La Polizia di Stato ha identificato ed emesso il Foglio di Via Obbligatorio nei confronti di un uomo e una donna, entrambi di 64 anni e originari della Sicilia, ritenuti presunti autori delle cosiddette “truffe dello specchietto”.
Il personale del Commissariato Borgo, a seguito di ripetute segnalazioni, era da alcuni giorni sulle tracce di un furgone Mercedes argento con a bordo la coppia, abitualmente dedita a truffe e segnalata aggirarsi nel centro città.
I poliziotti hanno intercettato il mezzo sul raccordo “Taranto Croce”, mentre stava per immettersi sulla SS106. Dopo un breve inseguimento, il conducente è stato fermato nei pressi di una stazione di servizio.

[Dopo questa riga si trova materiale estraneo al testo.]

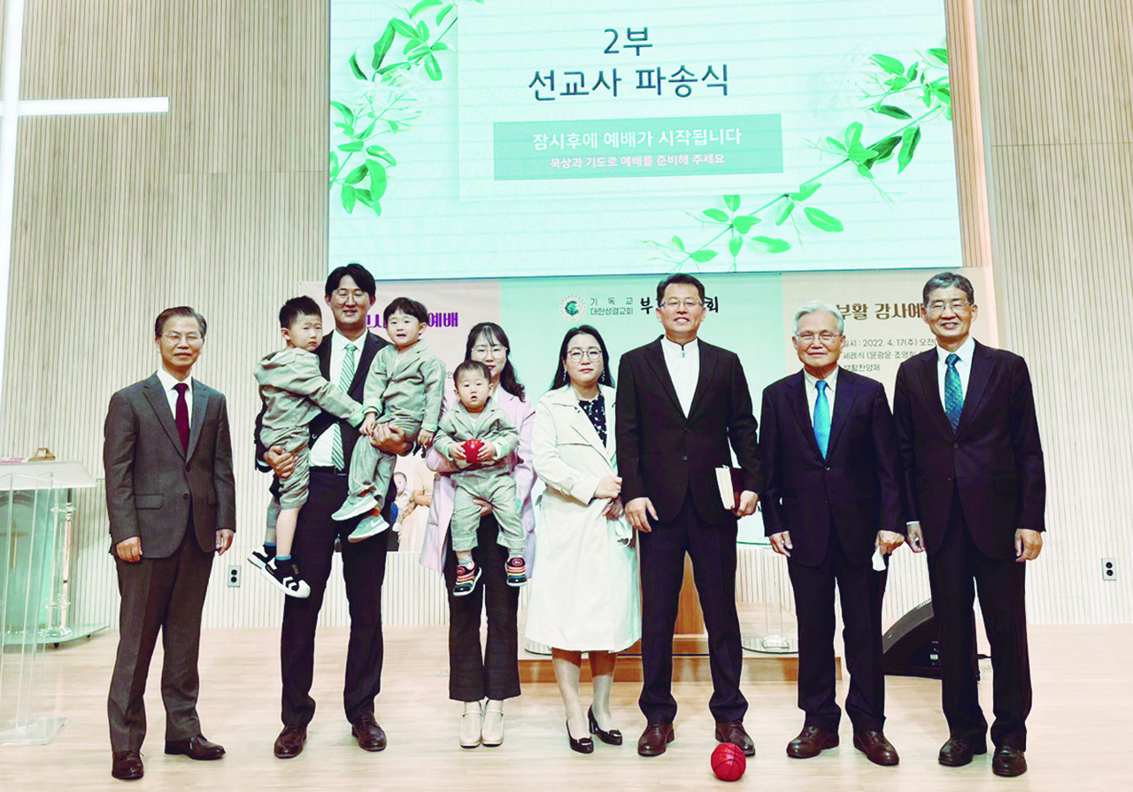 이어 선교사 파송예식이 거행됐다. 정문수 목사가 파송받는 피주훈‧신지은 멕시코 선교사 가정을 소개한 후 안수위원들과 파송안수기도를 드리고 후원 약정서와 파송장을 수여했다.

La coppia non ha saputo fornire spiegazioni convincenti circa la loro presenza a Taranto e non ha indicato alcuna residenza temporanea in zona.
Gli ulteriori accertamenti, effettuati con l’ausilio delle Banche Dati delle Forze dell’Ordine, hanno evidenziato i numerosi precedenti penali di entrambi, tra cui truffa aggravata, furto, rapina, ricettazione e i numerosi Fogli di Via Obbligatori emessi da altre Questure italiane.
I due sono stati accompagnati negli uffici di via Palatucci per tutti gli accertamenti di rito. Considerata la loro pericolosità sociale e i precedenti penali, il Commissariato ha richiesto il Foglio di Via anche dal Comune di Taranto.
Al termine delle verifiche, la Divisione Anticrimine ha notificato ai due il provvedimento che impone il divieto di ritorno nel capoluogo jonico per tre anni, intimando loro di lasciare il territorio entro le 48 ore previste.